Its Twitter bio reads: “India's first mission to Mars. Orbiting the Red Planet since Sep 24, 2014. Explorer. Loves science, photography and long cruises.”
The first tweet included a simulation of the satellite over Mars, with the caption: “What is red, is a planet and is the focus of my orbit?”
Another message greeted @MarsCuriosity, NASA’s mission to explore the planet’s surface which has been gathering data since August 2012.
The Curiosity Rover had sent a friendly “namaste”, congratulating India on its achievement.
The successful launch took the country into the elite club of nations to conduct deep-space exploration and was hailed as a “historic occasion” by Prime Minister Narendra Modi.
“We have gone beyond the boundaries of human enterprise and innovation,” he added in a live broadcast from ISRO’s headquarters.
Scientists broke into wild cheers as the orbiter’s engines manoeuvred the spacecraft into position to observe Mars on Wednesday, more than 10 months after being launched.
The craft will circle Mars for up to six months, carrying five solar-powered instruments to gather data about the planet, its weather systems and chemistry.

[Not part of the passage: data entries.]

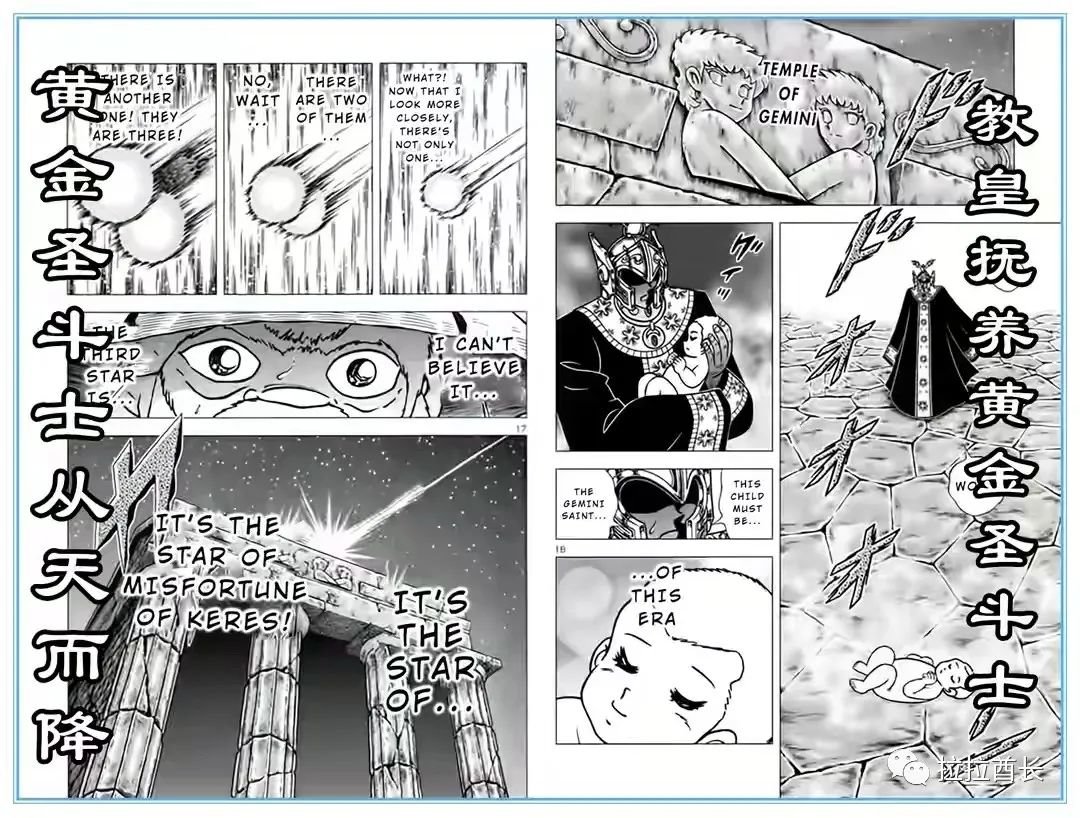 真正实锤了十二宫黄金圣斗士是为内定的剧情,主要是出自漫画家车田正美于2018年12月19日在《月刊冠军RED》上所发表的短篇外传漫画《圣斗士星矢ORIGIN》(圣斗士星矢:源起),在这部短篇外传中,就出现了女神将十三黄金(双子座两个)空降于圣域,交由教皇史昂所抚养的情节。
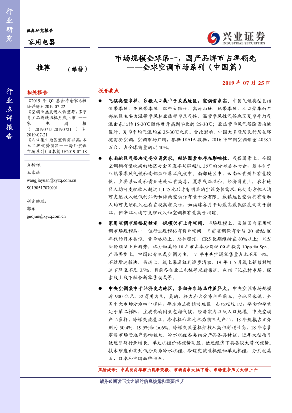 【兴业证券】【20190725】全球空调市场系列(中国篇):市场规模全球第一,国产品牌市占率领先-14页
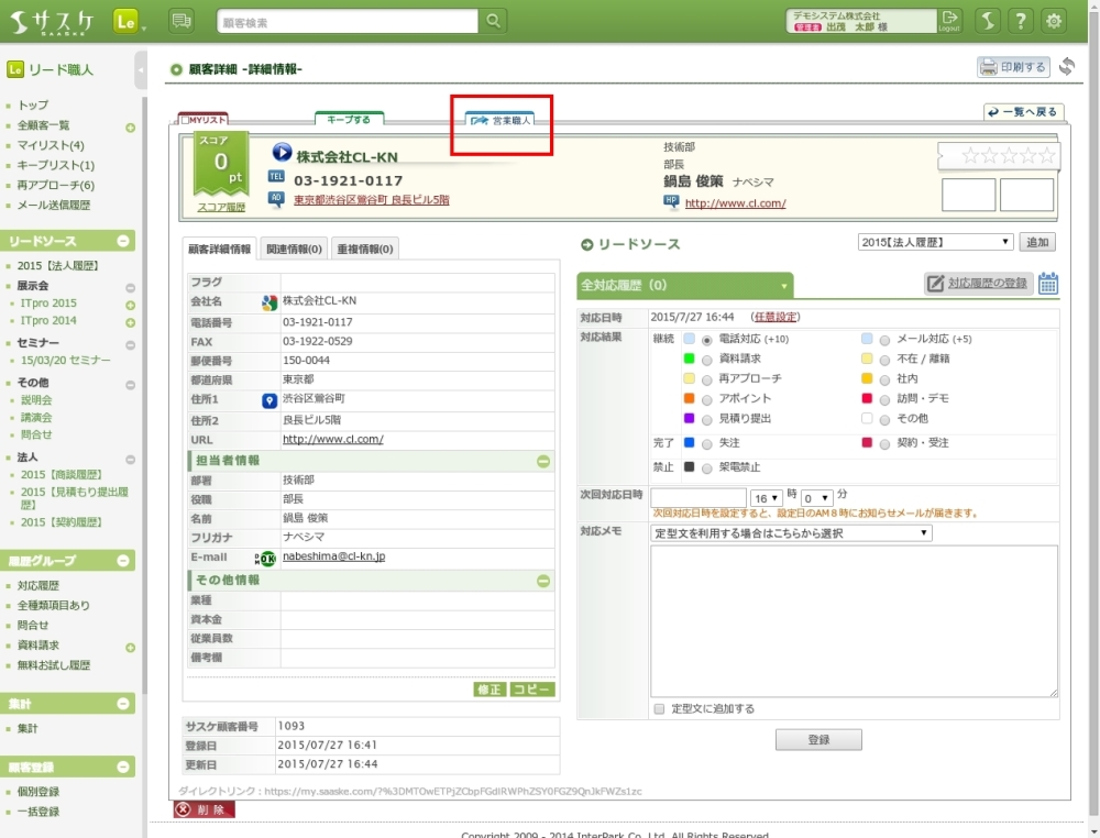 営業職人へ登録後の「顧客担当情報」について
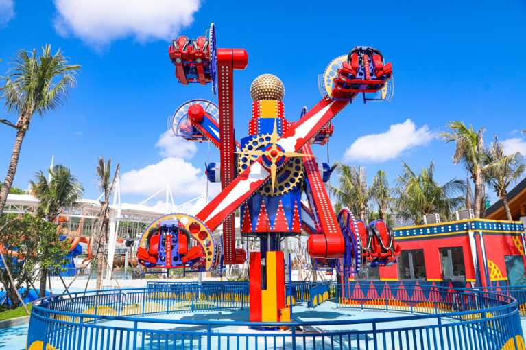 冲出椰林寨是一个结合经典 IP 和惊险过山车的主题游乐项目,配合着高速的飞车,急转、翻腾、旋转、飞驰,时而冲上云霄、时而俯冲深谷、时而进入椰林,超越感官,为游客带来精神和感官的双重享受。
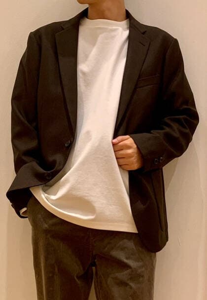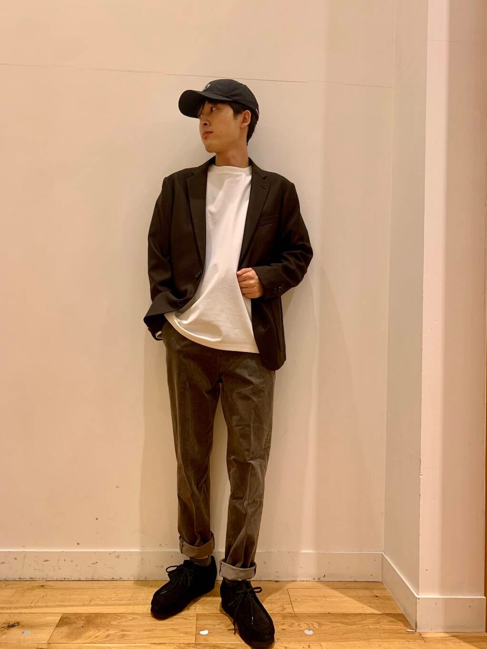 コーデュロイのパンツに少しシャリ感のあるジャケットを合わせて季節感のあるキレイ目なコーディネートになりました。
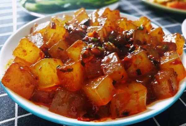 现在正值春季,蒜薹马上要下来了,炒凉粉里面加一些蒜薹,再加一些陈醋,在锅中多次翻炒,炒出香味,十分的可口下饭。
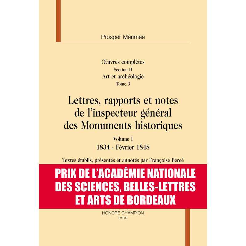 Si Prosper Mérimée est le célèbre auteur de Carmen, de Colomba et de la Vénus d’Ille, il fut aussi inspecteur général des Monuments historiques de 1834 à 1859 et peut être regardé comme le vrai fondateur de ce service. Il dut parcourir la France pour convaincre les villes et les départements de conserver et sauver les monuments de notre pays, ceux qui figuraient dans les ouvrages d’Alexandre de Laborde et du baron Taylor, et qu’entreprenait de décrire, dans les mêmes années, la Société française d’archéologie. Ce volume réunit l’ensemble des rapports et des lettres de sa main, ainsi que ses notes de tournée, adressés aux ministres, à la Commission des Monuments historiques et à ses présidents, mais aussi aux préfets et aux maires. La pertinence de ses jugements, sa verve, son style toujours vif, pittoresque, parfois acéré dans sa brièveté, dessinent l’autre face de ce Janus, écrivain et archéologue. En cela, cette publication ne sert pas seulement notre histoire « monumentale », elle éclaire le tempérament et le caractère d’un écrivain, qui se situe en marge du romantisme de son siècle.
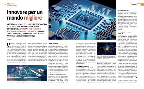 MENTRE CISCO LAVORA PER UN FUTURO IPERCONNESSO , ETICA , PRIVACY E SOSTENIBILITÀ INFLUENZANO OGNI DECISIONE . LE PROSSIME TECNOLOGIE CHE ABILITERANNO UN GRANDE CAMBIAMENTO SARANNO L ’ IPERCONNESSIONE , LA SICUREZZA , L ’ INTELLIGENZA ARTIFICIALE E IL QUANTUM COMPUTING .

Of particular interest will be tests to try and check for the presence of methane, a sign that it may once have borne life.
The mission, which cost around £50 million, is one of the cheapest of its kind and as Mr Modi pointed out earlier this year, was less expensive than the Hollywood space film Gravity.
But the Government’s spending on the Mars Orbiter project, also called Mangalyaan meaning “Mars craft” in Hindi , has been questioned by people pointing out India’s huge social and economic problems and widespread poverty.
NASA, which has conducted 15 successful missions to Mars including a spacecraft that arrived in orbit on Sunday, has two more satellites currently circling the planet, as well as two rovers exploring the surface.